La Nuova Sardegna

Sassari

I monaci cistercensi a Bisarcio

di Barbara Mastino
I monaci cistercensi a Bisarcio

La scoperta dello studioso Cau: un monastero, non la casa dei canonici, affiancava la basilica

20 febbraio 2022
3 MINUTI DI LETTURA





OZIERI. Non la casa dei canonici ma un monastero cistercense affiancava nel XII secolo il chiostro della basilica di Sant’Antioco di Bisarcio. Lo rivela un inedito graffito, unico e non solo in Sardegna, tracciato sul paramento esterno della chiesa a completamento della superiore epigrafe di commemorazione della sua consacrazione, avvenuta nel 1164. Autore di questa recentissima scoperta è lo studioso Gian Gabriele Cau, da anni impegnato nel catalogo e nella mappatura dei graffiti parietali della chiesa e più volte in passato protagonista di altri ritrovamenti che hanno consentito di reperire fondamentali informazioni sulla basilica e le costruzioni circostanti.

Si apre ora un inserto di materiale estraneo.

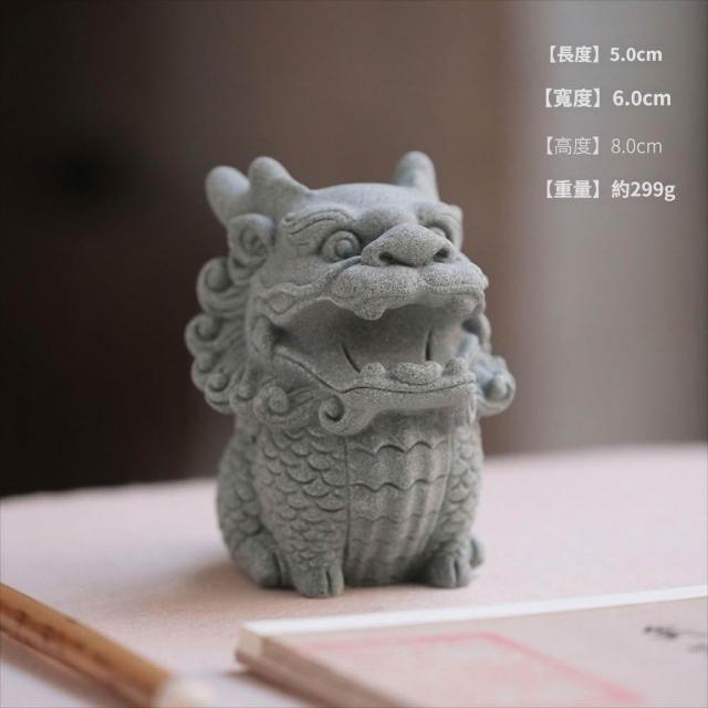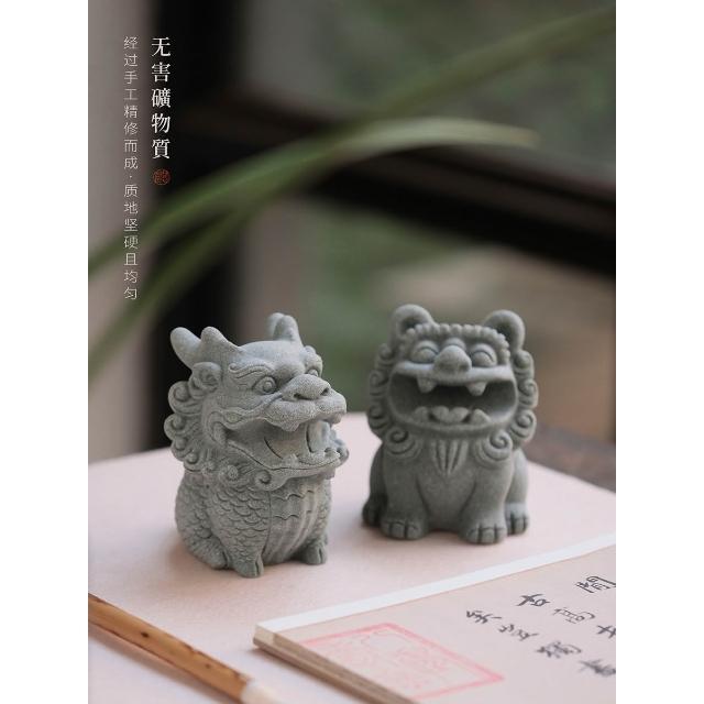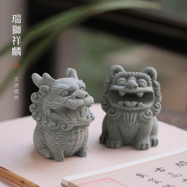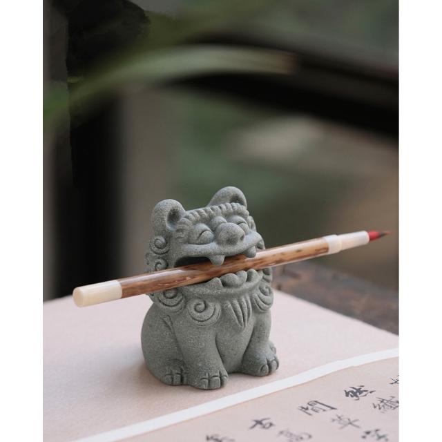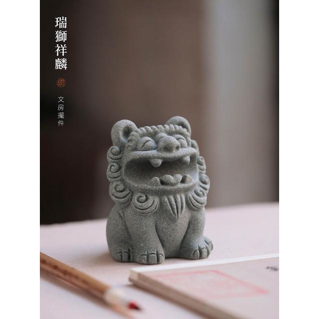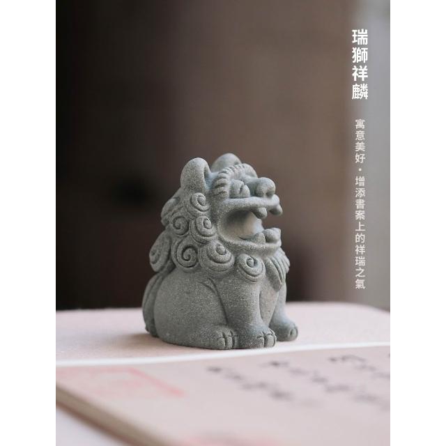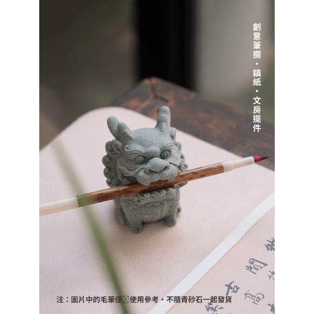 梵花 青砂石造像銜筆瑞獅麒麟創意擺飾動物造像擺飾筆托文房四寶雕塑水缸造景

Il graffito, come spiega Cau, è un insolito “quadrato sull’angolo” segnato da un doppio tratto, che ricalca il profilo delle superiori losanghe architettoniche, derivate dalla cattedrale di Santa Maria a Pisa. Una brevissima epigrafe appena consumata dal tempo – «huius m(onasterii)» da tradursi in “(la pianta) di questo monastero” – taglia l’angolo superiore di questo spazio delimitato e definisce epigraficamente l’impianto di un monastero cistercense, sul modello della cosiddetta “pianta Bernardina”. Nella tradizione cistercense, il quadrato monastico (così come la losanga pisana) evoca la Gerusalemme celeste, strutturata sull’esempio del Tempio di Salomone. «È questo della “Città a forma di quadrato” – spiega Cau – il modello architettonico del monastero cistercense, dove, secondo gli insegnamenti di Bernardo di Chiaravalle, è possibile vivere una anticipazione delle realtà ultraterrene. Il paragone, riferito dallo stesso santo alla vita dei monaci nel suo complesso, si materializza e si evidenzia nello spazio fisico del chiostro, fulcro generatore dell’intero organismo monastico. Con la sua identità ambigua di giardino recintato, “chiuso”, e al tempo stesso “aperto” verso la natura, il chiostro rievoca infatti il modello biblico-liturgico di un Paradiso in terra”.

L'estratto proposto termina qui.